## Exercise goal
Word for word, repeat the data; no picture should appear in the result.

## Exercise inputs
■ ■ ■

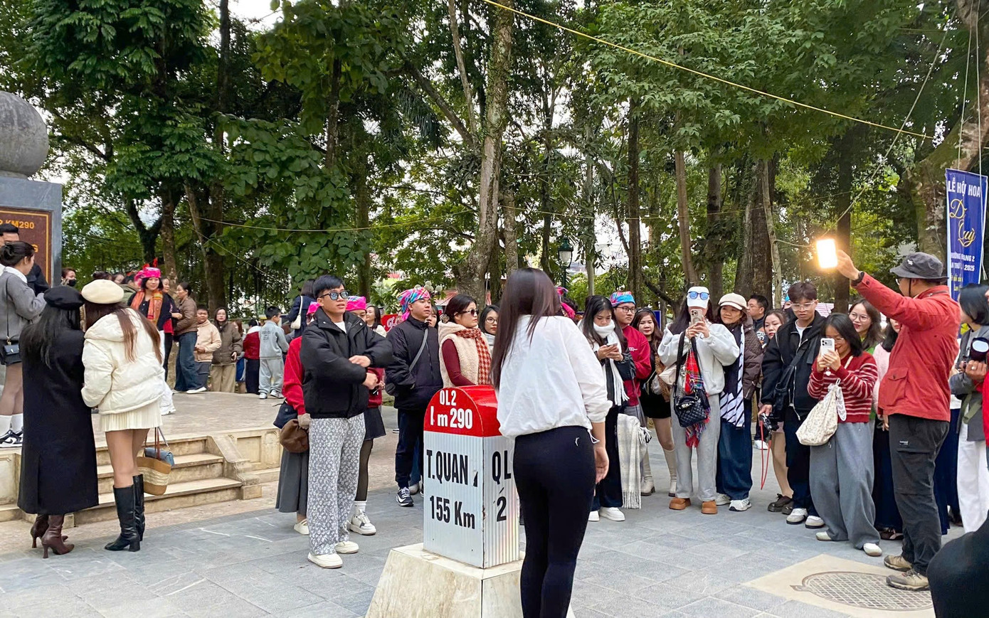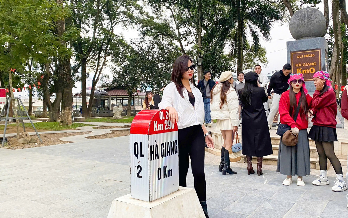 Đông đảo các bạn trẻ, du khách xếp hàng check-in với cột mốc Km0 Hà Giang.
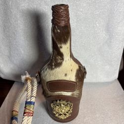 Vintage Leather Wrapped Brandy Bottle Cowhide Cover Metal Crest No Stopper$15Lathrop, CA
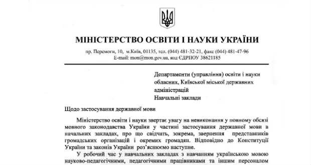 Az Ukrán Oktatási és Tudományügyi Minisztérium azt kéri a kisebbségi magyar iskolák vezetőitől, hogy népszerűsítsék az államnyelvet a tanulók és a pedagógusok körében. Erről a szaktárca az október 7-én kelt, 1/9-542-es számú körlevélben értesítette a tanintézményeket.
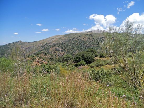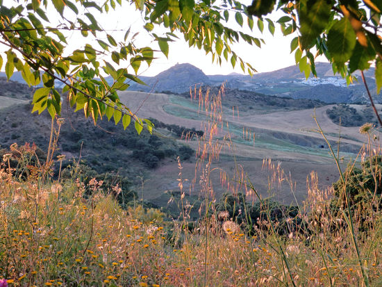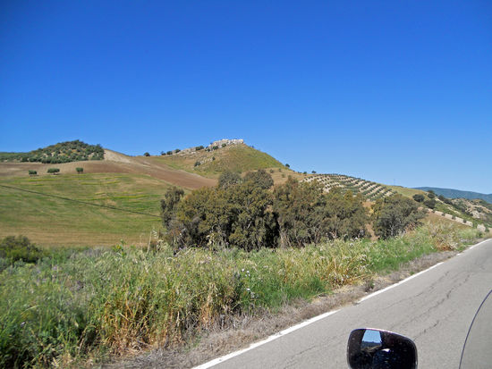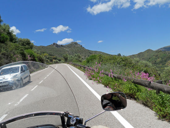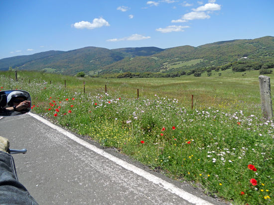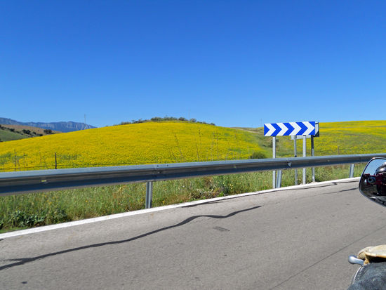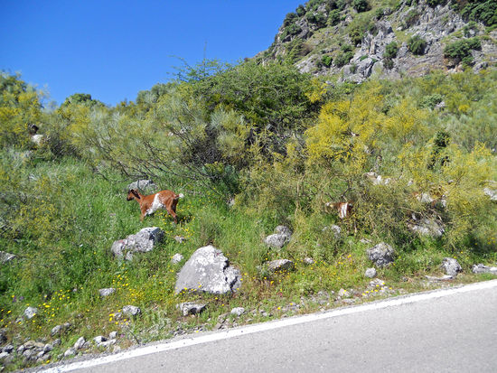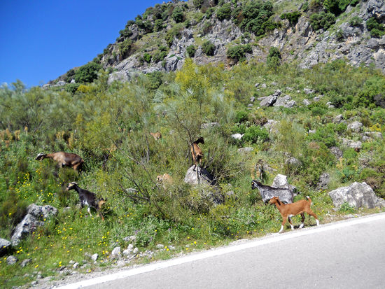 Weiter über Jimera de Libar, Montejaque, Monte Corto, Algodonales, über den Puerto de Cabanas, 540 m. Eine Ziegenherde wird vom Lärm unseres Motorrades aufgeschreckt. Sie lagern in einer Blütenwiese. Als ich sie fotografieren will, rasen sie in wilder Flucht davon. Rolf meint, sie hätten sich durch meinen Anblick erschreckt. Später steht ein braunes Pferd am Straßenrand und beäugt uns misstrauisch.
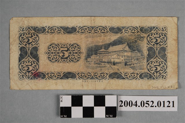 本物件為1969年臺灣銀行委託中央印製廠印製的新臺幣伍圓鈔券。以墨綠為主墨色,採橫式印製,正背兩面皆凹版。鈔票正面由幾何花紋構成鈔票圖案的方框,方框四個角落各正寫「伍」字。方框內部上側左、右兩邊各印有編號T979163U紅字,中間由右至左書寫「中華民國」等4字。方框內中間右側留白。中間左側繪製孫文肖像。正中央繪製略呈六邊形框的墨綠色幾何底圖,底圖中央由上而下書寫「伍圓」二字,底圖左右兩側交疊各一個略呈90度三角形的紅色幾何底圖。下方中央由右至左書寫「臺灣銀行」等4字。方框內下方右側為臺灣銀行董事長戳章,左側為臺灣銀行總經理戳章。方框邊界外下方中央由右而左書寫「中央印製廠」等5字。背面印製波浪型幾何花紋方框,方框四角各正寫1個「5」數字,方框內右側繪製中山樓圖案,左側以墨綠色長方形幾何花紋為底圖,底圖上覆寫「5」數字,方框外中央下方由右而左書寫「中華民國五十八年製版」等10字。
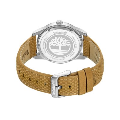 Diese Timberland Uhr hat ein Edelstahl Gehäuse mit einem Durchmesser von 42 mm und ist mit einem Armband aus Leder versehen. In der Uhr arbeitet ein Seiko Instruments Inc. Uhrwerk. Das Glas der Uhr besteht aus Mineral - Glas.
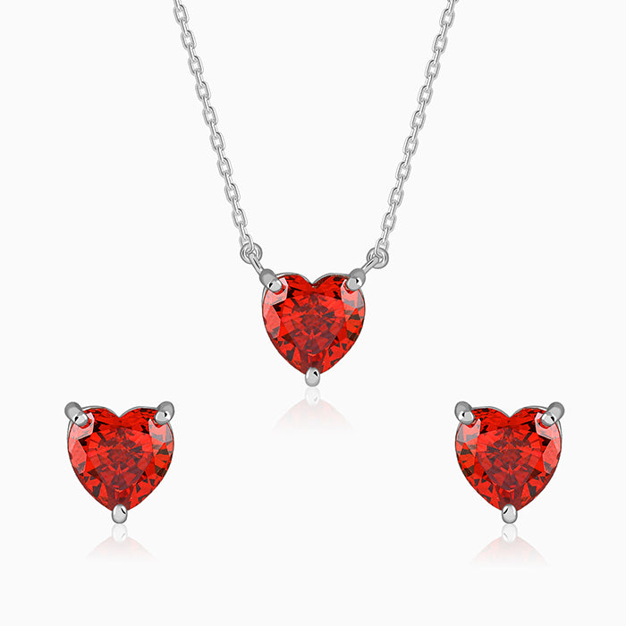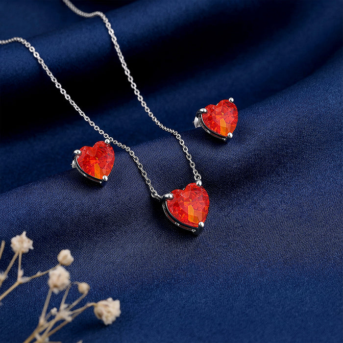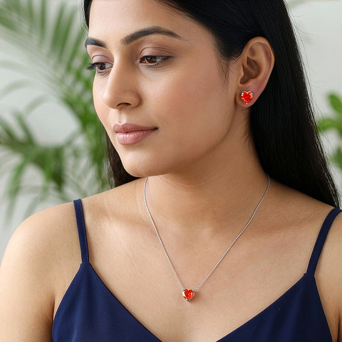 Let your style speak the language of love and confidence. This red ice-cut heart stone jewellery set for women effort...
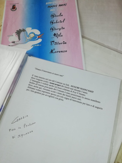 “Si tratta di un piccolo lavoro – spiega l’assessore ai Servizi Sociali – che però ha comportato un grande lavoro di squadra per la predisposizione del link, la scelta del disegno e la pubblicazione sia sul sito che sul maxischermo. Abbiamo voluto così esprimere un piccolo segno di benvenuto per loro e di augurio per i loro genitori per accoglierli con gioia”.
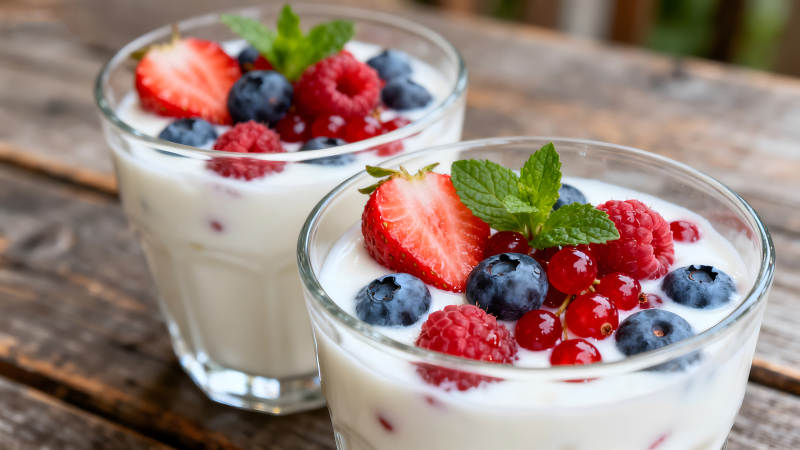 两杯酸奶搭配水果点缀
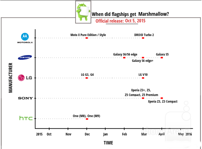 همانطور که کاملا مشخص است دیگر موج عظیمی از آپدیت اندروید مارشمالو این شرکت به پرچمداران یا سایر محصولات ارائه نمیشود تا کم کم آماده نسخه جدید باشیم. علاوه بر این سال گذشته اکثر شرکتها تاخیر عجیبی در ارائه اندروید مارشمالو برای محصولات خود داشتند. بهعنوانمثال شرکت موتورولا که همیشه در عرضه آپدیت با کمترین تاخیر اقداماتی انجام میداد به نسبت نسخههای کیت کت و آب نبات چوبی، در ارائه مارشمالو تاخیر سه ماهه داشت!
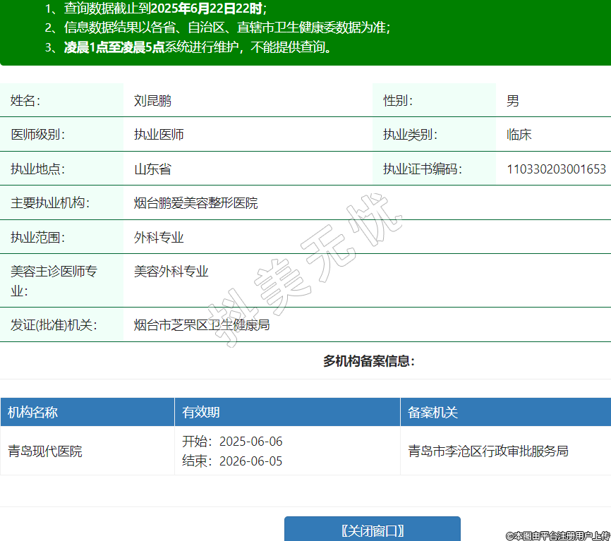 姓名:劉昆鵬性別:男醫(yī)師級(jí)別:執(zhí)業(yè)醫(yī)師執(zhí)業(yè)類別:臨床執(zhí)業(yè)地點(diǎn):山東省執(zhí)業(yè)證書(shū)編碼:110330203001653主要執(zhí)業(yè)機(jī)構(gòu):煙臺(tái)鵬愛(ài)美容整形醫(yī)院執(zhí)業(yè)范圍:外科專業(yè)美容主診醫(yī)師專業(yè):美容外科專業(yè)發(fā)證(批準(zhǔn))機(jī)關(guān):煙臺(tái)市芝罘區(qū)衛(wèi)生健康局多機(jī)構(gòu)備案信息:機(jī)構(gòu)名稱 有效期 備案機(jī)關(guān) 青島現(xiàn)代醫(yī)院 開(kāi)始:2025-06-06結(jié)束:2026-06-05青島市李滄區(qū)行政審批服務(wù)局 -
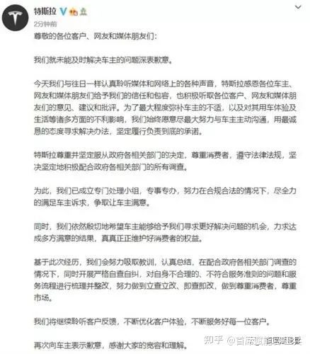 特斯拉副總裁陶琳回應(yīng)稱,“近期的負(fù)面都是她貢獻(xiàn)的”、“我們沒(méi)有辦法妥協(xié)……”、“我們自己的調(diào)研顯示,90%的客戶都愿意再次選擇特斯拉”。此言論進(jìn)一步刺激了輿論,大量媒體發(fā)表批評(píng)特斯拉的報(bào)道。19日下午,新華社發(fā)表評(píng)論文章《“車(chē)頂維權(quán)”成熱點(diǎn),是誰(shuí)讓誰(shuí)不“體面”?》指出“消費(fèi)者對(duì)于產(chǎn)品質(zhì)量和服務(wù)的關(guān)切,車(chē)企應(yīng)當(dāng)更加認(rèn)真,直面問(wèn)題。”當(dāng)天深夜,特斯拉發(fā)布官方聲明,表示愿意全力配合國(guó)家級(jí)的第三方權(quán)威機(jī)構(gòu)的全方位檢測(cè)。如果是特斯拉產(chǎn)品的問(wèn)題,特斯拉一定堅(jiān)決負(fù)責(zé)到底,該賠的賠,該罰的罰,但如果是不合理的訴求也不會(huì)妥協(xié)。
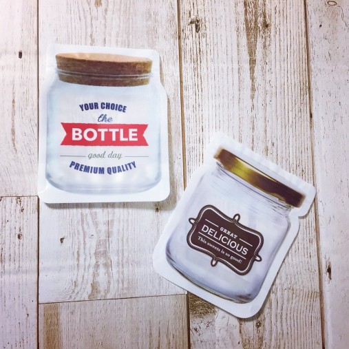 こちらも、ちょっとしたお菓子を入れるのに役立つギフトバッグ。ガラス瓶をモチーフしにしたおしゃれなデザインです。
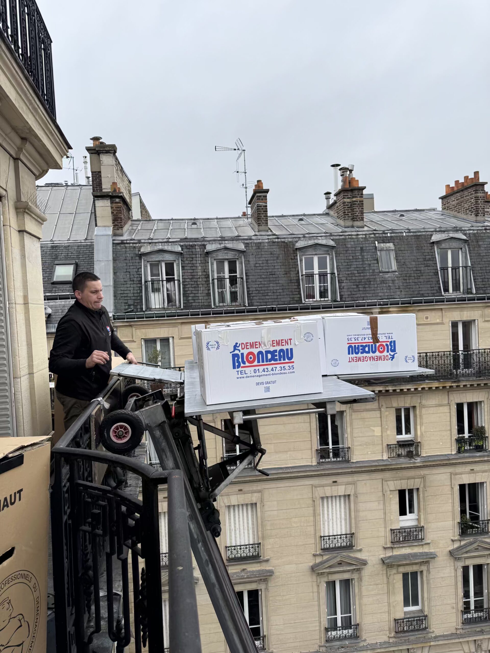 Fort de 112 ans d'expertise depuis 1913, Blondeau Déménagement est le spécialiste reconnu du déménagement à Paris dans les situations complexes. Lorsque votre cage d'escalier est trop étroite, que vous habitez au 6ème étage sans ascenseur, ou que vos meubles ne passent simplement pas par la porte, nous avons la solution : le déménagement par fenêtre avec monte-meubles professionnel.
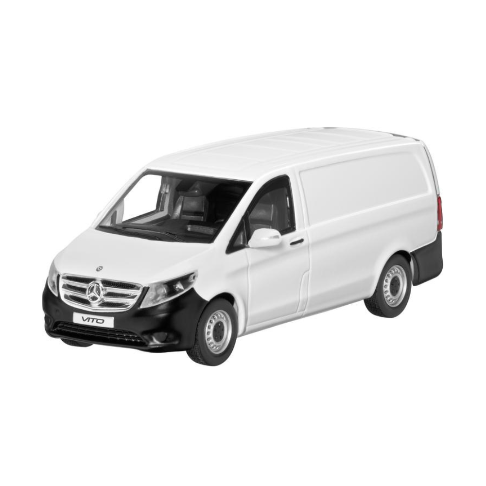 Modelik Mercedes-Benz Vito w skali 1:43 z otwieranymi drzwiami tylnymi.
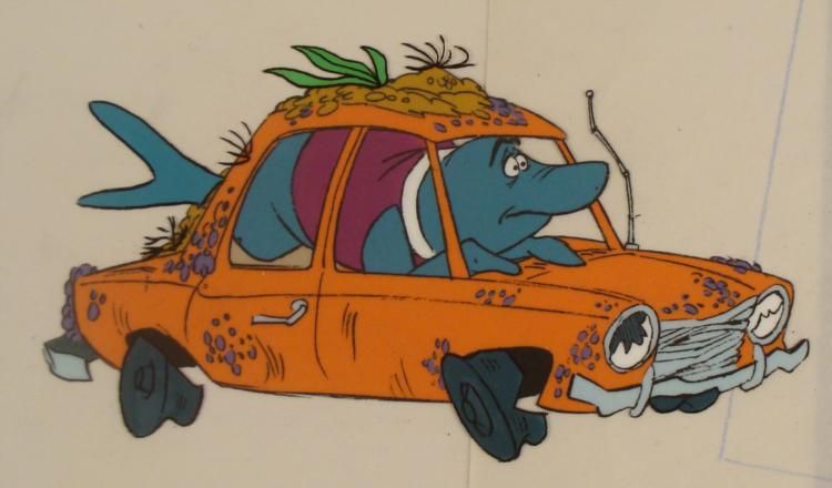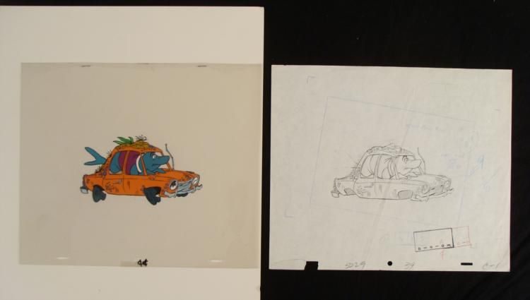 Here is an original animation cel and drawing used in the production of The Pink Panther Show cartoon, done at the studio of Friz Freleng. The program ran on television throughout the 1970's. It appears that Misterjaw is stuck in a broken down car. The cel comes with a preliminary sketch drawing. Original Animated Cel and DrawingOriginal "rough" animation drawing, in blue, red, and black with the notations in black and blueOverall size is a 12-field drawing that is 10 1/2" × 12 1/2" Excellent condition This is an original hand-painted cel set-up used in the production of an episode of "The Pink Panther Show." Each one-of-a-kind set-up represents a slight change in position of the characters. When individually photographed and projected in rapid succession, the images appear to move.To create production cels, the original animator's drawing is transferred onto an acetate cel (by hand-inking and/or photo copying). The cel is then hand-painted on the reverse side. The cel and drawing are ready to framed and matted. The animator's notations are shown at the top and bottom of the drawing and bottom of the cel. There is a small rip to the bottom of the drawing.

■ ■ ■

## Your response
 Đông đảo các bạn trẻ, du khách xếp hàng check-in với cột mốc Km0 Hà Giang.
 Vintage Leather Wrapped Brandy Bottle Cowhide Cover Metal Crest No Stopper$15Lathrop, CA
 Az Ukrán Oktatási és Tudományügyi Minisztérium azt kéri a kisebbségi magyar iskolák vezetőitől, hogy népszerűsítsék az államnyelvet a tanulók és a pedagógusok körében. Erről a szaktárca az október 7-én kelt, 1/9-542-es számú körlevélben értesítette a tanintézményeket.
 Weiter über Jimera de Libar, Montejaque, Monte Corto, Algodonales, über den Puerto de Cabanas, 540 m. Eine Ziegenherde wird vom Lärm unseres Motorrades aufgeschreckt. Sie lagern in einer Blütenwiese. Als ich sie fotografieren will, rasen sie in wilder Flucht davon. Rolf meint, sie hätten sich durch meinen Anblick erschreckt. Später steht ein braunes Pferd am Straßenrand und beäugt uns misstrauisch.
 本物件為1969年臺灣銀行委託中央印製廠印製的新臺幣伍圓鈔券。以墨綠為主墨色,採橫式印製,正背兩面皆凹版。鈔票正面由幾何花紋構成鈔票圖案的方框,方框四個角落各正寫「伍」字。方框內部上側左、右兩邊各印有編號T979163U紅字,中間由右至左書寫「中華民國」等4字。方框內中間右側留白。中間左側繪製孫文肖像。正中央繪製略呈六邊形框的墨綠色幾何底圖,底圖中央由上而下書寫「伍圓」二字,底圖左右兩側交疊各一個略呈90度三角形的紅色幾何底圖。下方中央由右至左書寫「臺灣銀行」等4字。方框內下方右側為臺灣銀行董事長戳章,左側為臺灣銀行總經理戳章。方框邊界外下方中央由右而左書寫「中央印製廠」等5字。背面印製波浪型幾何花紋方框,方框四角各正寫1個「5」數字,方框內右側繪製中山樓圖案,左側以墨綠色長方形幾何花紋為底圖,底圖上覆寫「5」數字,方框外中央下方由右而左書寫「中華民國五十八年製版」等10字。
 Diese Timberland Uhr hat ein Edelstahl Gehäuse mit einem Durchmesser von 42 mm und ist mit einem Armband aus Leder versehen. In der Uhr arbeitet ein Seiko Instruments Inc. Uhrwerk. Das Glas der Uhr besteht aus Mineral - Glas.
 Let your style speak the language of love and confidence. This red ice-cut heart stone jewellery set for women effort...
 “Si tratta di un piccolo lavoro – spiega l’assessore ai Servizi Sociali – che però ha comportato un grande lavoro di squadra per la predisposizione del link, la scelta del disegno e la pubblicazione sia sul sito che sul maxischermo. Abbiamo voluto così esprimere un piccolo segno di benvenuto per loro e di augurio per i loro genitori per accoglierli con gioia”.
 两杯酸奶搭配水果点缀
 همانطور که کاملا مشخص است دیگر موج عظیمی از آپدیت اندروید مارشمالو این شرکت به پرچمداران یا سایر محصولات ارائه نمیشود تا کم کم آماده نسخه جدید باشیم. علاوه بر این سال گذشته اکثر شرکتها تاخیر عجیبی در ارائه اندروید مارشمالو برای محصولات خود داشتند. بهعنوانمثال شرکت موتورولا که همیشه در عرضه آپدیت با کمترین تاخیر اقداماتی انجام میداد به نسبت نسخههای کیت کت و آب نبات چوبی، در ارائه مارشمالو تاخیر سه ماهه داشت!
 姓名:劉昆鵬性別:男醫(yī)師級(jí)別:執(zhí)業(yè)醫(yī)師執(zhí)業(yè)類別:臨床執(zhí)業(yè)地點(diǎn):山東省執(zhí)業(yè)證書(shū)編碼:110330203001653主要執(zhí)業(yè)機(jī)構(gòu):煙臺(tái)鵬愛(ài)美容整形醫(yī)院執(zhí)業(yè)范圍:外科專業(yè)美容主診醫(yī)師專業(yè):美容外科專業(yè)發(fā)證(批準(zhǔn))機(jī)關(guān):煙臺(tái)市芝罘區(qū)衛(wèi)生健康局多機(jī)構(gòu)備案信息:機(jī)構(gòu)名稱 有效期 備案機(jī)關(guān) 青島現(xiàn)代醫(yī)院 開(kāi)始:2025-06-06結(jié)束:2026-06-05青島市李滄區(qū)行政審批服務(wù)局 -
 特斯拉副總裁陶琳回應(yīng)稱,“近期的負(fù)面都是她貢獻(xiàn)的”、“我們沒(méi)有辦法妥協(xié)……”、“我們自己的調(diào)研顯示,90%的客戶都愿意再次選擇特斯拉”。此言論進(jìn)一步刺激了輿論,大量媒體發(fā)表批評(píng)特斯拉的報(bào)道。19日下午,新華社發(fā)表評(píng)論文章《“車(chē)頂維權(quán)”成熱點(diǎn),是誰(shuí)讓誰(shuí)不“體面”?》指出“消費(fèi)者對(duì)于產(chǎn)品質(zhì)量和服務(wù)的關(guān)切,車(chē)企應(yīng)當(dāng)更加認(rèn)真,直面問(wèn)題。”當(dāng)天深夜,特斯拉發(fā)布官方聲明,表示愿意全力配合國(guó)家級(jí)的第三方權(quán)威機(jī)構(gòu)的全方位檢測(cè)。如果是特斯拉產(chǎn)品的問(wèn)題,特斯拉一定堅(jiān)決負(fù)責(zé)到底,該賠的賠,該罰的罰,但如果是不合理的訴求也不會(huì)妥協(xié)。
 こちらも、ちょっとしたお菓子を入れるのに役立つギフトバッグ。ガラス瓶をモチーフしにしたおしゃれなデザインです。
 Fort de 112 ans d'expertise depuis 1913, Blondeau Déménagement est le spécialiste reconnu du déménagement à Paris dans les situations complexes. Lorsque votre cage d'escalier est trop étroite, que vous habitez au 6ème étage sans ascenseur, ou que vos meubles ne passent simplement pas par la porte, nous avons la solution : le déménagement par fenêtre avec monte-meubles professionnel.
 Modelik Mercedes-Benz Vito w skali 1:43 z otwieranymi drzwiami tylnymi.
 Here is an original animation cel and drawing used in the production of The Pink Panther Show cartoon, done at the studio of Friz Freleng. The program ran on television throughout the 1970's. It appears that Misterjaw is stuck in a broken down car. The cel comes with a preliminary sketch drawing. Original Animated Cel and DrawingOriginal "rough" animation drawing, in blue, red, and black with the notations in black and blueOverall size is a 12-field drawing that is 10 1/2" × 12 1/2" Excellent condition This is an original hand-painted cel set-up used in the production of an episode of "The Pink Panther Show." Each one-of-a-kind set-up represents a slight change in position of the characters. When individually photographed and projected in rapid succession, the images appear to move.To create production cels, the original animator's drawing is transferred onto an acetate cel (by hand-inking and/or photo copying). The cel is then hand-painted on the reverse side. The cel and drawing are ready to framed and matted. The animator's notations are shown at the top and bottom of the drawing and bottom of the cel. There is a small rip to the bottom of the drawing.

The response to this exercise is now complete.